Monday, January 24, 2011

Teachable Moments

I just listened to (and read) the conversation regarding teachable moments http://edtechtalk.com/node/4899.
The irony of the first half of the talk was that it was an actual "moment" about which they were attempting to discuss--they couldn't get the audio to work and then it was in and out--was fun to listen to :)

 This has always been a topic that grabs me. I'm always afraid I'm going to miss out on such moments with my own children. I taught 6th grade in the nineties, and had a student share that her dad was in the service and had to leave for an assignment.  The questions started flying--"why does he have to leave?" "why do people fight?" "if they don't want to fight and we don't want to fight--what's the point? Can't they just talk it out?" And I felt overwhelmed--I could have grabbed that "moment" and really gone with it--but I was so scared I would say the wrong thing. One of the women in the recording mentioned that some of her best "teachable moments" were when she didn't have a clue about the answer, and they would research it. Of course hindsight is 20/20, but what a great moment I missed! I remember being in HS when the challenger launched--then exploded. We were watching it live. We were all scared and upset and some of the teachers (I found out later) really went with it. They talked about the scientific side of it, the possibilities about what might have happened--some allowed their kids to come up with ideas about how to help support the families. One teacher just had a talk session about how it made them feel. My algebra teacher asked us to pass in our homework and prepare for our quiz. I remember my hand was shaking so badly that I could barely hold the pencil. I can't remember much else about that day, but that I knew the kids of the people on that ship weren't doing math. That anniversary is upcoming, and it still hits me hard. Other such topics were discussed such as 9/11 and Haiti...I haven't taught in so many years, but I can imagine it takes a sensitive and wise person to be able to grab such an issue and run with it.

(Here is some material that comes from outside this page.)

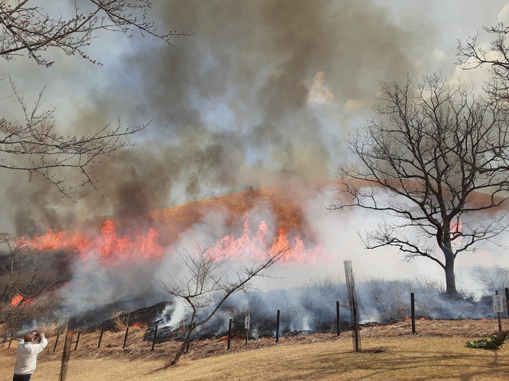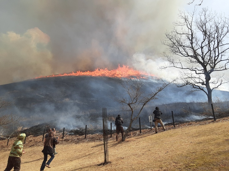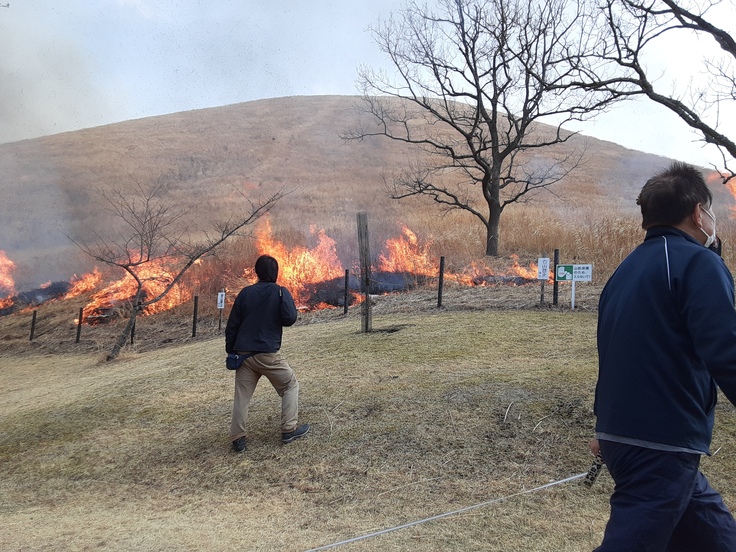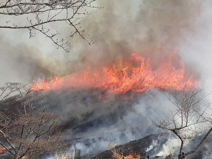 野焼きの最初のスタートから順次燃え上がりまもなく黒の衣装替えした山の神まで順次見ていただこう。

I had a bit of a teachable moment with my son this week. He's got Asperger's, and really can only focus on one thing at a time. One of his favorite pastimes is creating characters on his Wii, the computer, or even pencil to paper.  I told him about the avatar assignment and how I was scared to try it because I'm no good at that kind of thing. He said "Mama--of course you can do it. You won't do it as good as me, but that's okay. It takes practice". I was blown away at this--number one, those words have come out of my mouth so many times, and he was listening! But he grasped that I have insecurities too, and sometimes it's GOOD to relay those to kids!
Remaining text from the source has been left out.